The guide frame includes splined shaft, the first straight nut, baffle, encoder, Hall sensor, magnet, controller, Hall sensor, magnet, controller constitute the first control device in guide frame, and splined shaft is coaxial with conduit, and first is straight One end of nut is equipped with baffle, and splined shaft one end is inserted into the first straight nut from the other end of the first straight nut, and the one of conduit End is connected and fixed with baffle, and the other end of splined shaft is equipped with encoder, and baffle, which is located on the side wall inside the first straight nut, pacifies Equipped with Hall sensor, splined shaft, which is located on one end end face inside the first straight nut, to be equipped with and the matched magnetic of Hall sensor Iron, Hall sensor are connect by controller with the dynamic structure that driving axial operates structure operation.
Splined shaft and the first straight nut constitute ball guiding axis in the present invention, are equipped in the first straight nut for spline The mobile space of axis axial movement, during splined shaft axial movement, splined shaft is moved relative to the first straight nut, before splined shaft The magnet positions at end change, the magnetic field strength corresponding change that Hall sensor senses, thus Hall sensor output has The current information of variation is to controller, and then driving axial operates the dynamic structure of structure, drives the advance of axial operation structure It retreats, and the move distance information of the output pulse recording axial operation structure by the dynamic structure of axial operation structure, into And obtain the move distance information of conduit;Splined shaft is merely able to do relative motion radially with the first straight nut in the present invention, When splined shaft rotation, the first straight nut is rotated with splined shaft, and the first nut does not do relative motion with splined shaft, the first straight spiral shell Cap rotation will drive baffle rotation to drive conduit to rotate, and adjust the spacing between catheter tip and vascular wall.

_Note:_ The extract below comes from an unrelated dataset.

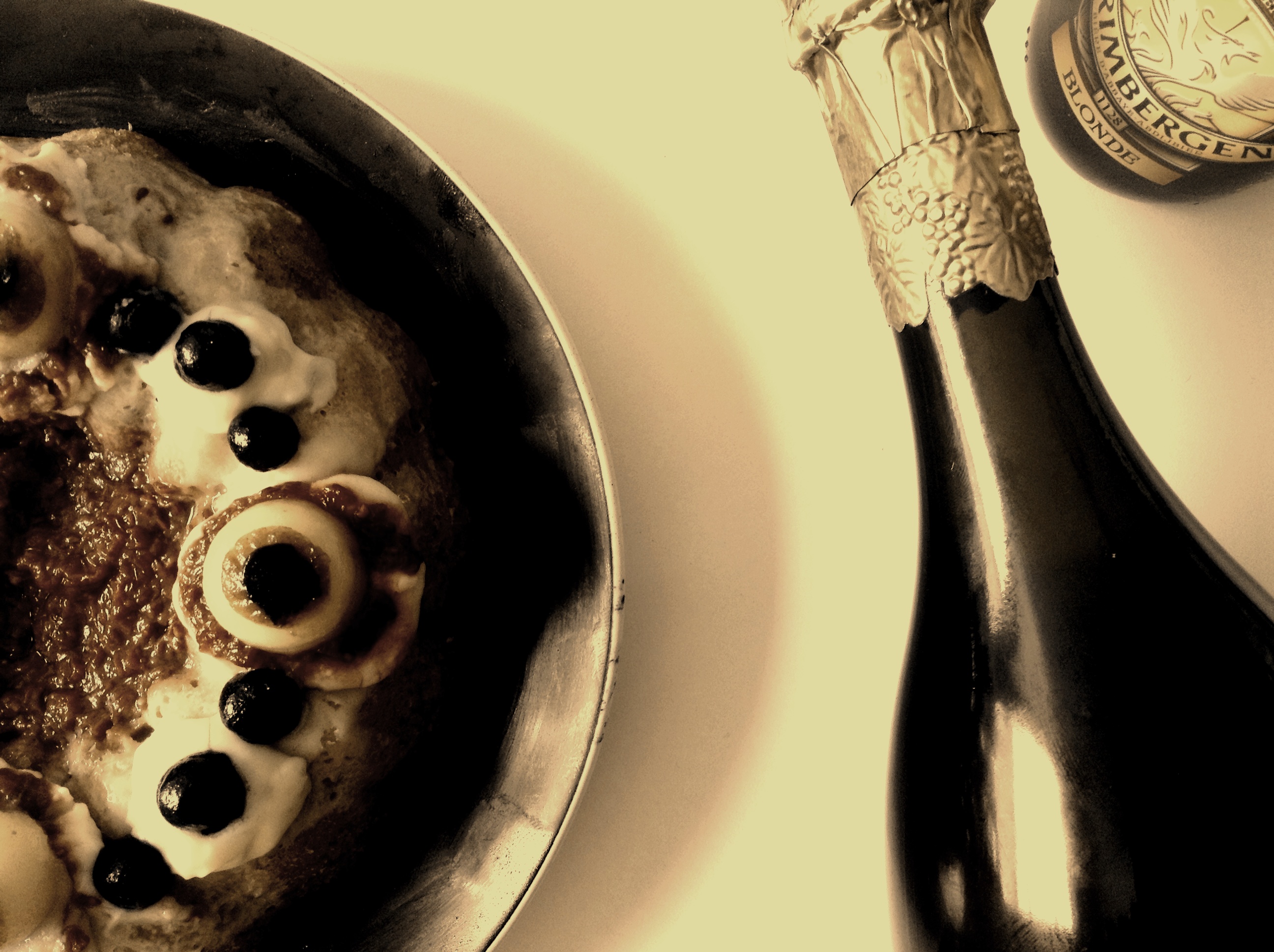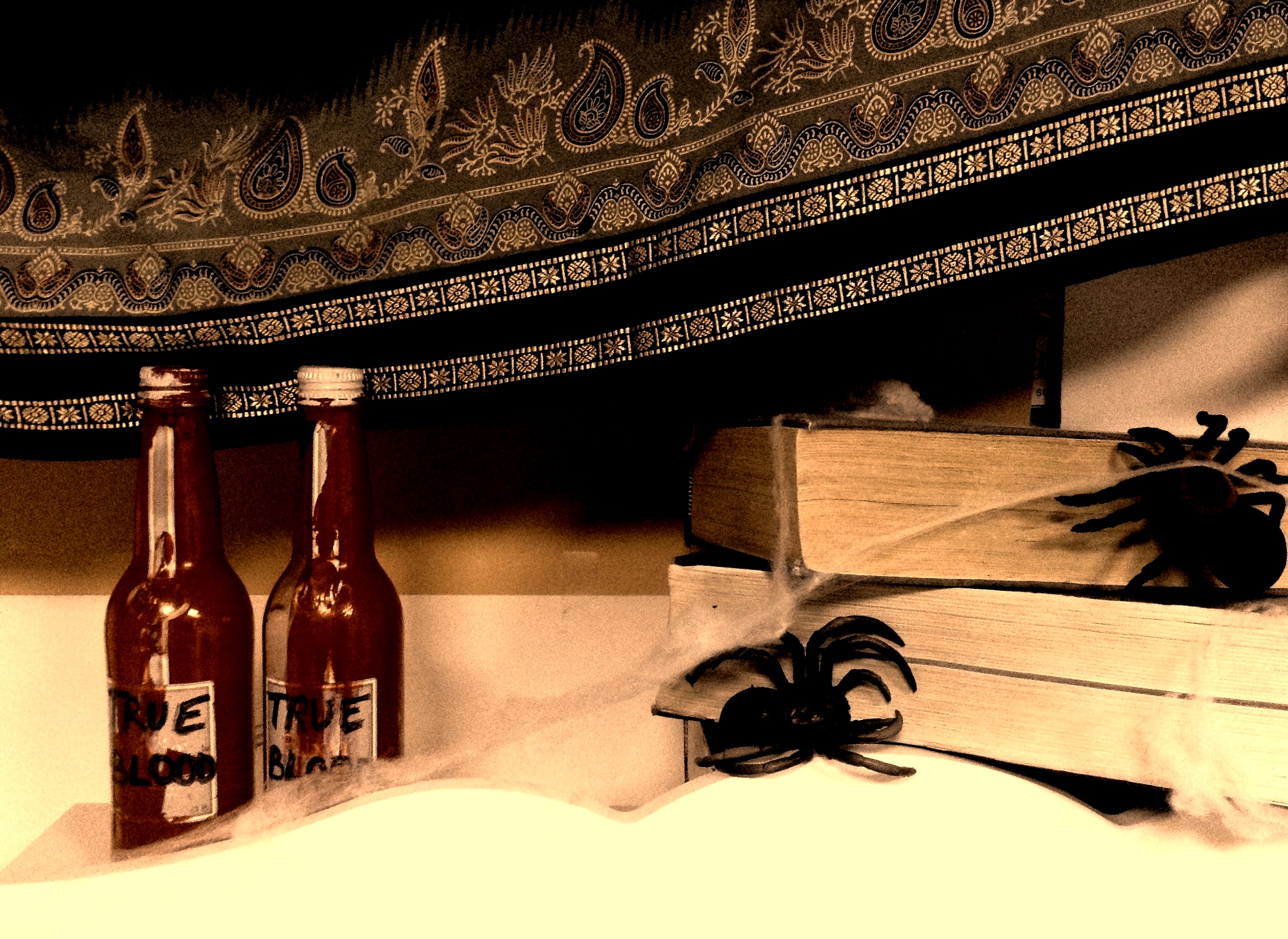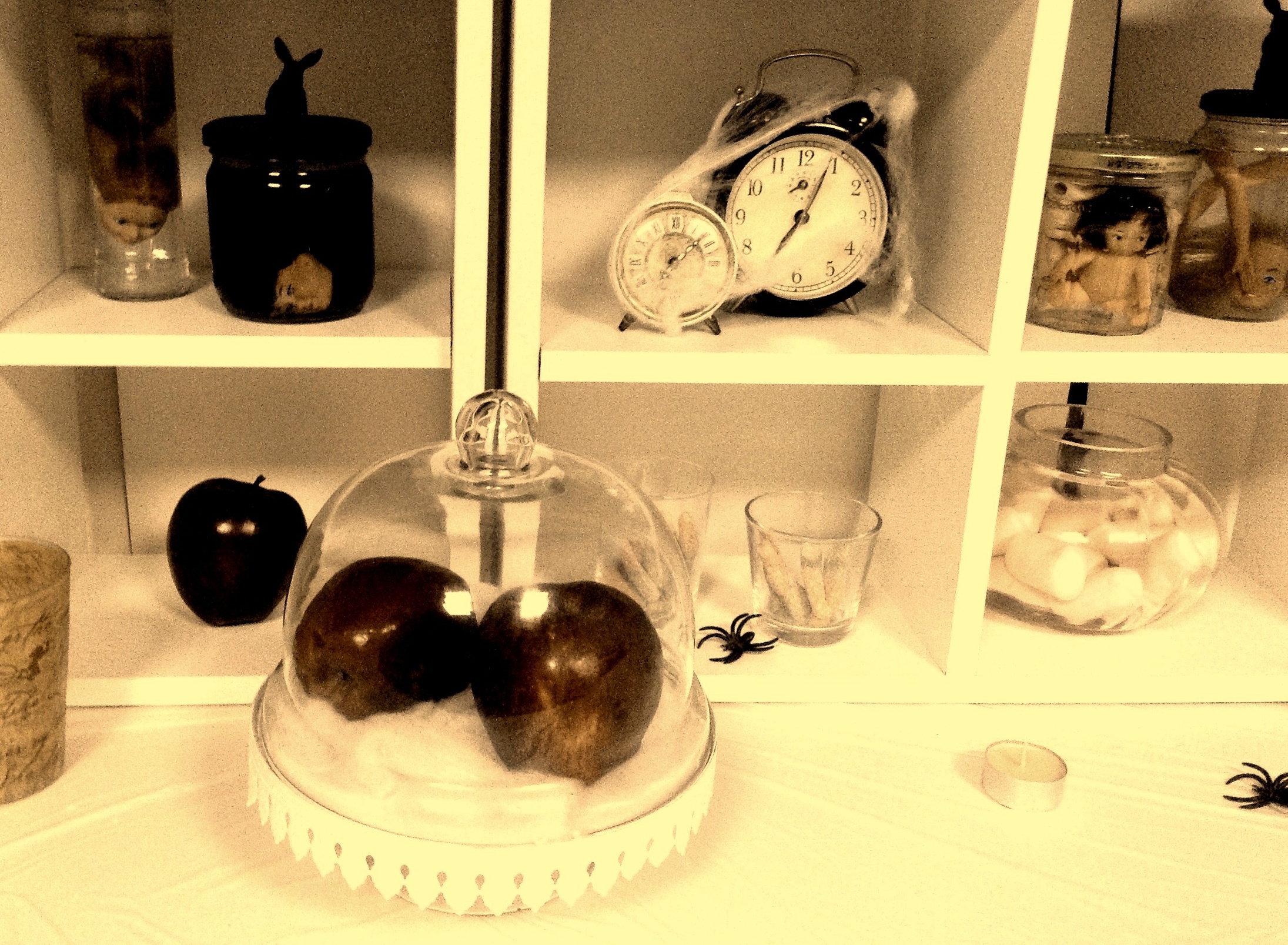 … Le protocole étant à présent respecté, allons festoyer dans le cabinet de curiosité où se mêlent breuvages, recettes de grand-mères sorcières, et mets délicats à déguster … Bloody Mary, le must au bal des Vampires, confitures de poupées maison au formol, idéal contre le cholestérol, cocktail arachnide également maison, bourré de protéines, et d’autres nombreux plats très fins qui se mangent sans faim … sans oublier que my carrot cake aux yeux d’amande et à la purée de cervelle de framboises is watching you !!!

Visualization device is VR vascular system, and VR vascular system shows the motion state of conduit in the blood vessel, VR blood vascular system Status information feedback module is equipped in system, status information feedback module operates the dynamic of structure operation by controller and driving axial The connection of power structure, status information feedback module, controller constitute the second control device in visualization device.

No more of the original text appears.